## PROVIDED DATA
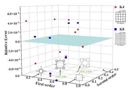 The finite element models were established through ANSYS, based on the initial structure of K4 and K8, and the density of the material is taken as 2.8 g/cm3. The model masses of different are calculated separately and compared with the results calculated by theoretical Equation (14), provided in Figure 7. The theoretical results are extremely precise, considering that the relative error between the two results is within 7.5 × 10−4. Table 3 shows the thickness of the VHS with different structural ratios.
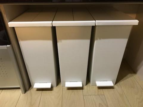 同じような形のゴミ箱は多いとは思いますが、赤や黒のフタであったり、ツヤツヤ主張していたりと、キッチンに2〜3個並べるには少し圧迫感があるものが多いですが、非常にシンプルです。
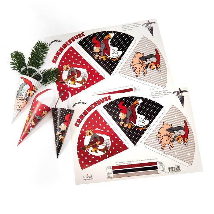 Paper cone with the well-known and happy Bramming elves on it. There are 2 sheets with cones to crop per bag. The sheet measures 28 cm x 40 cm.

## EXERCISE DETAILS
Repeat the data word for word. Skip the pictures.

## EXERCISE OUTPUT
 The finite element models were established through ANSYS, based on the initial structure of K4 and K8, and the density of the material is taken as 2.8 g/cm3. The model masses of different are calculated separately and compared with the results calculated by theoretical Equation (14), provided in Figure 7. The theoretical results are extremely precise, considering that the relative error between the two results is within 7.5 × 10−4. Table 3 shows the thickness of the VHS with different structural ratios.
 同じような形のゴミ箱は多いとは思いますが、赤や黒のフタであったり、ツヤツヤ主張していたりと、キッチンに2〜3個並べるには少し圧迫感があるものが多いですが、非常にシンプルです。
 Paper cone with the well-known and happy Bramming elves on it. There are 2 sheets with cones to crop per bag. The sheet measures 28 cm x 40 cm.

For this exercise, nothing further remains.